Most people consciously or unconsciously buy in to the dominant racist paradigm at least some of the time. If you take little kids and show them a black doll and a white doll, regardless of the race of the child, when asked "which doll is smart?" or "which doll is a nice person?" kids of all races pick the white doll. Believing in these kinds of biases supports racism even if one "has black friends" and never says the N-word and agrees with MLK in the abstract.
And at the same time most people buy in to these ideas most people of all races think "racism is bad." Hence talking about racism is at time difficult. People who I love and are dear to my heart have done racist things from time to time. But they remain friends (and family) because, when I talk to them, they don't just shut down at to topic of racism... rather they listen. And some of the time I realize that I was the one who was wrong. Other times they are like "oh wait. yeah. That IS racist. Shoot!" And they see that I'm right. And some of the time we can't agree, and even that can be OK.
It's not that hard.
Many people think of racism as crude and bad manners-- It's seen as "low class" to be racist. It's seen as "poor form." This racism as manners way of seeing things has helped a little. Few people say the n-word as a racial attack anymore. The trouble is eliminating racism is more than just eliminating "bad manners" or "bad words" it is about creating a culture of common respect where black people and blackness are not regarded as primitive or inferior. Where gay men were seen as "real men" --Where transgendered people are not thought of as "its" --where Asian men are not seen as small and effeminate and black women are not presumed to be masculine and butch-- where a Chinese girl can be good at math without anyone thinking "it's just because they are so good at math" -- where a black person who is good dancing causes people to think "he must practice a lot!" rather than "he has natural rhythm..." When the word "nerd" doesn't automatically mean "white male" --
The funny thing is all of these stereotypes come directly from the racist philosophy of the 19th century-- even the (so-called) "positive" stereotypes. (Like the one that black men are well-endowed) -- they all relate to the notion that African people are closer animals, Asian people are robots and white people are normal, creative and smart.

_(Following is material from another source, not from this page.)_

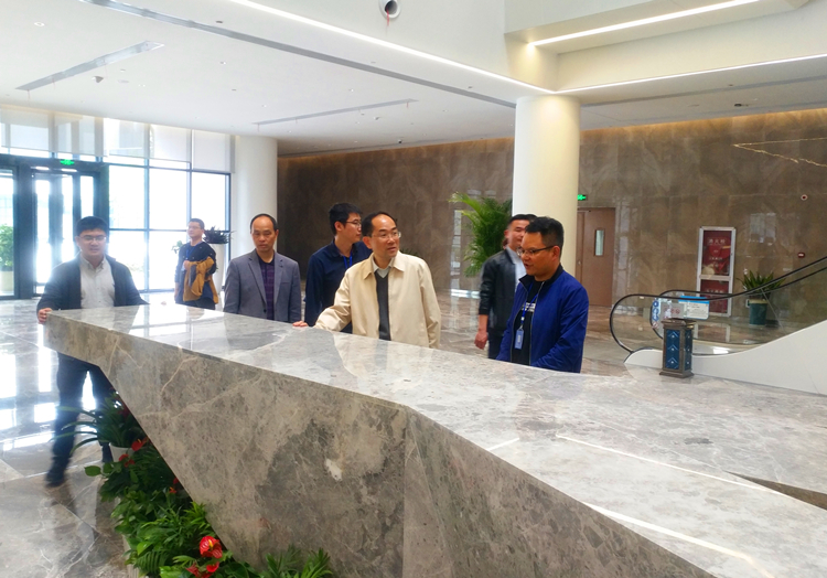 2019年4月30日下午,合肥市重點工程建設管理局副局長杜亞斌、沈龍泉、總工程師宣明一行攜重點局全體人員觀摩安徽創新館。杜亞斌一行對安徽創新館室內高質量、高標準裝飾裝修效果給予高度評價。

It's not possible to be anti-racist without interacting and seeking feedback and giving feedback. It's not possible to not be racist if you never talk with black people about racism. It's not possible to stop being homophobic without talking to gay people about homophobia. If you are white, for example, listen and talk to non-white people about racism. Argue a little even! Defend your views, but be willing to change if you are wrong. Don't try to shut down the whole conversation or change the subject. (i.e. things like "that may be racist but why is it that black people can say N8gg## and get away with it!? HMMMM?" ) If you only agree ever that something is racist when it strikes you personally as being racist first-- you're missing some things. Take in what people are saying before you condemn it. If you always, 100% of the time, disagree when a black person says "hmmm that's racist!" -- you're probably being too defensive. If you agree maybe 50% of the time when black people says "I think that is racist" -- maybe you are getting someplace.